The spectacular implosion of the FTX group this week was most likely the worst week for the crypto industry since its inception. Watching its meltdown live on Twitter (while Twitter itself is going through troubles of its own!) was both entertaining and stomach-churning at the same time. Unfortunately this blow is going to have a ripple effect in the industry and a few more players will go down.

This is a good thread with the raise of SBF and what likely happened to FTX:

TLDR: Alameda was bailed out by FTX with customer funds due to highly risky bets to put it mildly. Among other niceties, we've found that they had 1.1btc in their cold wallet and over 1.4b of BTC liabilities.

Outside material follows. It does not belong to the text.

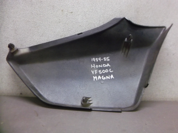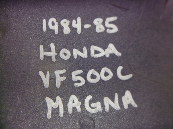 Used Left Side Cover for 1984-85 Honda VF500C Magna The Product: A used left side cover for a 1984-85 Honda VF500C Magna. Research: We are basing that this is what it fits by what was written on the inside of the side cover when we got it. It said "1984-85 Honda VF500C Magna" handwritten on it. On the part itself we found what looks to be "83700-MJ8A-0000". We bought out another salvage yard in the area and they individually labeled each side cover. We think that the label is correct but we did not do any further research. Please look at the pictures closely and make sure your side cover is the same. Also, see if your side cover has the same numbers on it. Please note our return policy if the side cover is mislabeled. Layout of pictures: The first picture is of the front of the side cover. The second picture is of the back. The third picture is a side angle. The fourth photo is of the stamped numbers "83700-MJ8A-0000” found on the side cover. The fifth picture is of the handwritten label. Condition: It is used and also is dirty, scratched and scuffed. When you receive it and if it does not fit, it is returnable as outlined below. Please note that we did not label these but we think they are correct but if the other shop misidentified it, you can return it for the purchase price but you will pay all shipping charges to and from. So make sure this looks like your side cover before buying. |

Now the "altruistic" moves of FTX trying to "bail out" Voyager are clearer, they were hoping that by merging their books they could disguise their shenanigans. There were also talks to buy Robinhood, imagine if that had actually gone down!? It would have snowballed to a nation-wide mess.

Ultimately I think this has been good for the industry, having these guys running the 3rd largest exchange in the world was a ticking time bomb. At the same time I really feel for all the FTX users that have lost their entire net worth due to the recklessness of SBF & co.

Some of my takes:

  • This mess was the result of unethical and risky business practices. Nothing unique to crypto though. This happens all the time in the financial world. Blockchain makes it easier to track it!
  • This goes against the ethos of crypto, but more regulation is needed. It needs to be workable regulation though! No point in making the life of EU and US exchanges miserable as this will just increase the number of users flocking to exchanges on grey jurisdictions where they ultimately get hosed.
  • DeFi is the future. Over-leveraging and financial shenanigans can't happen due to smart contracts.
  • This has been a good reminder that we should strive to minimize the assets deposited on exchanges. Not your keys not your coins.